This tutorial shows you how to read in data from sqlite files and run a verification process.
In part 1 we converted the forecast data and ensemble data into sqlite format. This next step is to read the data back in and run the verification. Before we begin let’s just make sure we have all the packages we need attached (we now need harpPoint as well as harpIO), and the metadata - i.e. paths etc.
library(harpIO)
library(harpPoint)
fctable_dir <- "/scratch/ms/no/fa1m/harp_output/FCTABLE"

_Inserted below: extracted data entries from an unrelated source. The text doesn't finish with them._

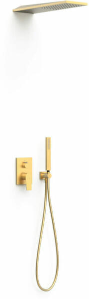 Tres Project falsík alatti zuhanyrendszer Rapid-Box belső egységgel, matt arany 21128005OM Falba süllyesztett szerelés, beépített RAPID-BOX Elzárás és áramlásszabályozás Rapid-bo x és rejtett test, gyorsan és egyszerűen telepíthető Rozsdamentes acélból készült fix zuhanyfej 160x550 mm Zuhanyfej rögzítése: fali Zuhanytartó Víz kő elleni kézi zuhany (sárgaréz) Szatén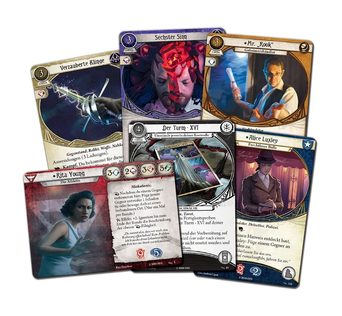 - 6 neue Ermittler und über 180 neue Spielerkarten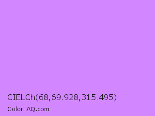CIELCh 68,69.928,315.495 Color is a light purple color and the nearest color is Pale Violet #cc99ff. Hex code #d286ff and RGB value is rgb(210,134,255). In RGB color space, this color is composed of 82% red, 53% green, 100% blue, In CMYK color space, this color is composed of 18% cyan, 47% magenta, 0% yellow , 0% black , In HSL color space, this color has a hue angle of 278° , 100% saturation and 76% lightness.
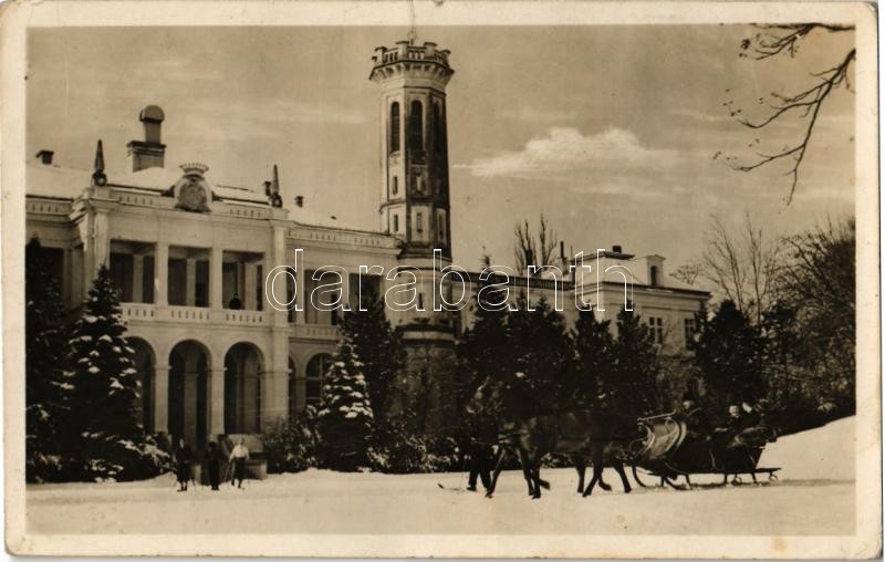 Beschreibung: Füzérradvány, Radvány; Kastély Szálló (Gróf Károlyi László kastélya) télen, síelők, lovasszán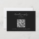 Carte de RSVP de mariage noir moderne, simple et minimaliste avec code QR.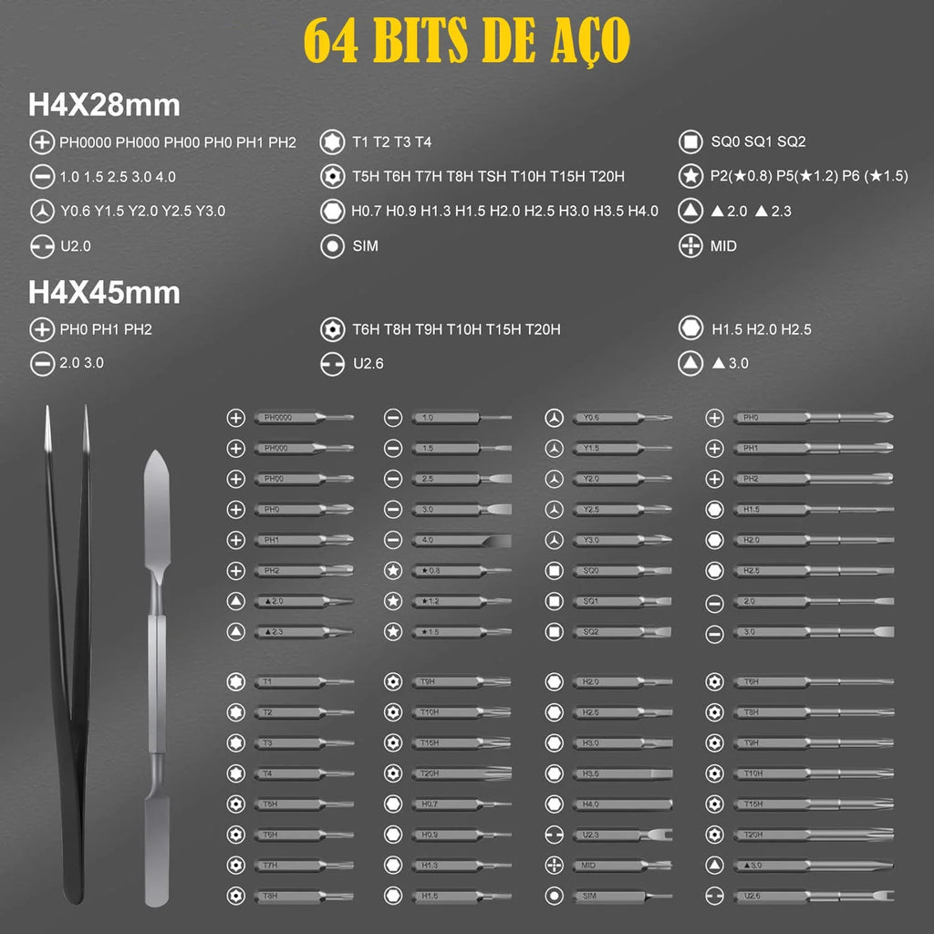 Inclui 64 pontas magnéticas diferentes em aço resistente — perfeitas para eletrônicos, notebooks, celulares, drones, câmeras, relógios e muito mais!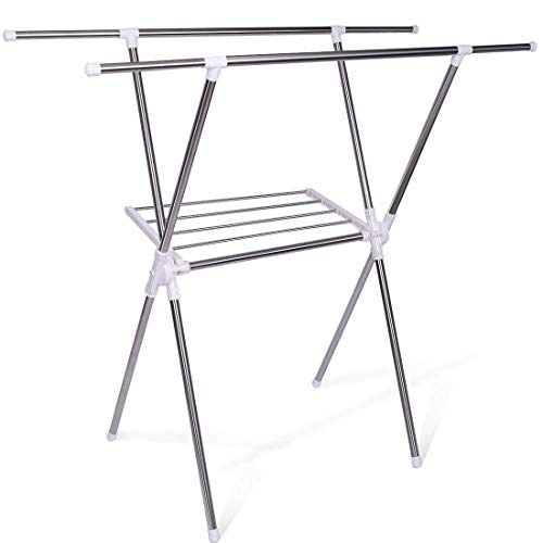 高耐荷重 洗濯物干しスタンド 室内 屋外 ベランダ用 - DURA DRY ステンレス製 防錆 耐荷重60KG X型タイプ 幅940~1460×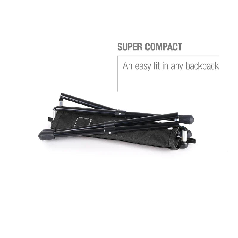 • Collapsible frame fits into a lightweight 43cm x 8.5cm x 8.5cm cinch bag and is small enough to stash into the side pocket of your backpack.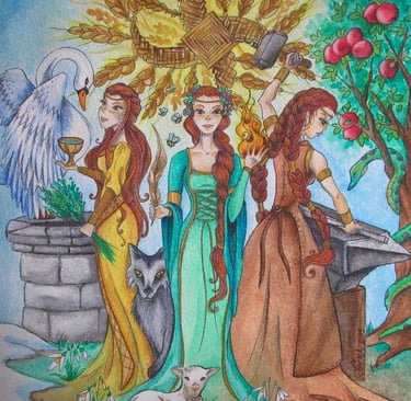 Ces trois aspects, intimement liés, font de Brigid une figure centrale de la spiritualité celtique. Elle unit les éléments du feu, de la forge et de la poésie dans une même entité divine.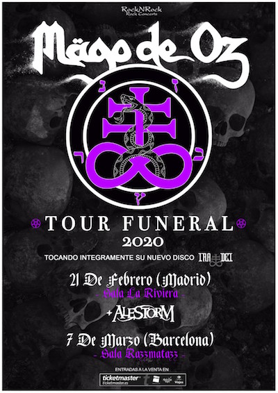 Ya puedes hacerte con las entradas de los conciertos de Madrid y Barcelona que incluirá el Tour Funeral 2020, una gira que incluirá aproximadamente 12 fechas, que anunciaremos en breve, en las que MAGO DE OZ tocará íntegramente su nuevo disco «Ira Dei» ¡No te quedes sin la tuya!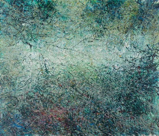 Wang’s technique blends abstract expressionist energy with tactile materiality. Employing gestural brushwork and impasto surfaces, Dry Up resonates with the influence of artists such as Cy Twombly and Zao Wou-Ki, where form dissolves into an all-over field of emotional intensity. The dense network of linear forms suggests both natural growth and entropic unraveling—an interplay between creation and decay that is central to the artist’s conceptual vocabulary.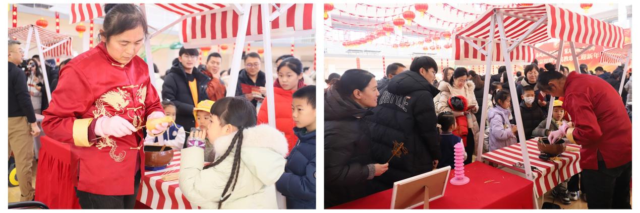 在传统游戏区,投壶、套圈、击铜钱、捶丸体验、投掷乒乓等5项经典游戏,让教职工在欢笑声中舒展身心,感受传统文化的独特魅力。在非遗体验区,糖画塑形、吹糖奇观、冰糖葫芦DIY、拓印年画、巧捏面人等5项非遗技艺互动体验,让教职工在“甜蜜印记”与“巧手塑年”中,亲手打造专属快乐,感受匠心独运。在新春送福区,现场挥毫泼墨,为教职工送上饱含美好祝愿的新春福字和对联,传递节日温暖。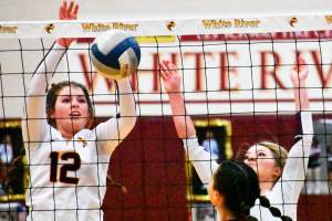 The battle for second place in the South Puget Sound League 2A volleyball standings took place Thursday evening when Enumclaw traveled to White River for the regular-season finale. Both squads entered the contest with 13-2 records, trailing the league champion Washington Patriots.  Both teams will take part in the District 2/3 tournament that runs Friday and Saturday and will send six teams to the Class 2A state tournament in Yakima. In this photo, White River's Kianna Rohner (#12) and Audrey Berg deny EHS a scoring opportunity. Photo by Kevin Hanson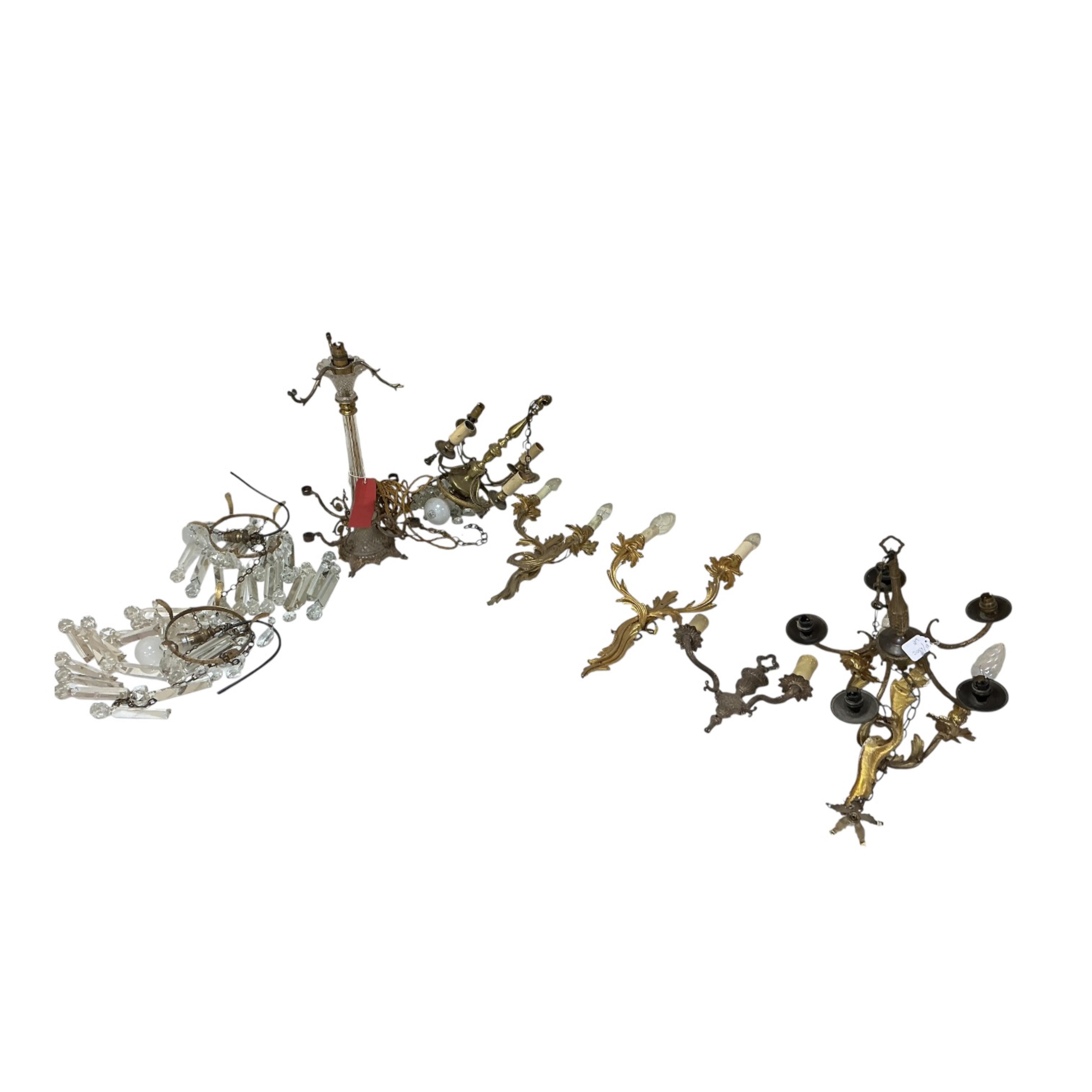 A collection of lighting to include a pair of ceiling hanging lustres, a five branch hanging light and gilt two branch wall lights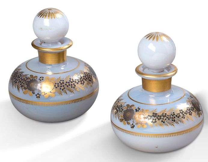 PAIRE DE FLACONS COUVERTS de forme boule en opaline de cristal savonneuse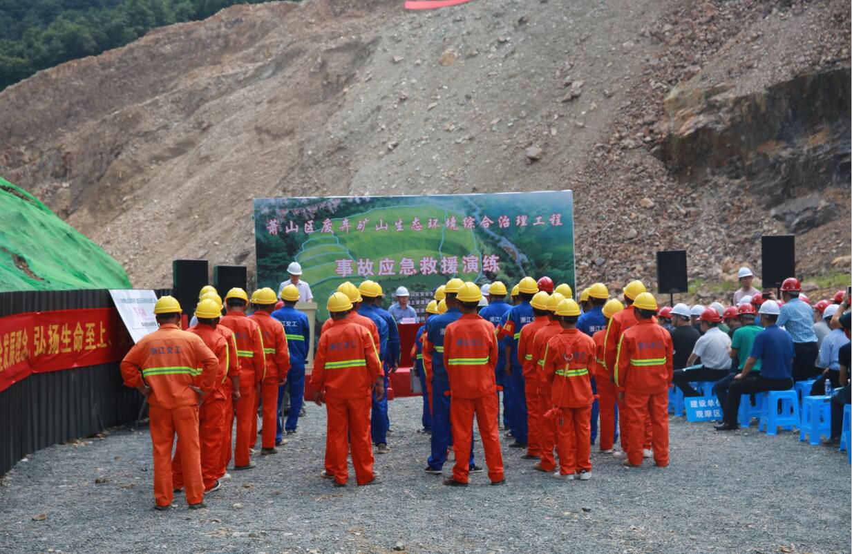 為深入貫徹“安全第一、預防為主”方針,提高礦山突發事件應急處置能力,結合第17個安全生產月主題,6月21日下午,由區安監局、國土蕭山分局、進化鎮和蕭山交投集團聯合舉辦的廢棄礦山生態環境綜合治理工程事故應急救援演練活動,在進化鎮湯山礦生態環境綜合治理工程現場舉行。涉及礦山治理和地質災害防治的相關鎮街分管負責人,以及建設、施工、監理單位相關人員參加活動。

obstable_dir <- "/scratch/ms/no/fa1m/harp_output/OBSTABLE"
first_fcst <- 2017053000
last_fcst <- 2017053100
fcst_freq <- "1d"
fcst_models <- c("model1", "model2", "model3")
param <- "T2m"
lead_times <- seq(0, 36, 3)
Now we can read in the forecast data using read_point_forecast from the harpIO package and then print out the screen by simply typing the variable name.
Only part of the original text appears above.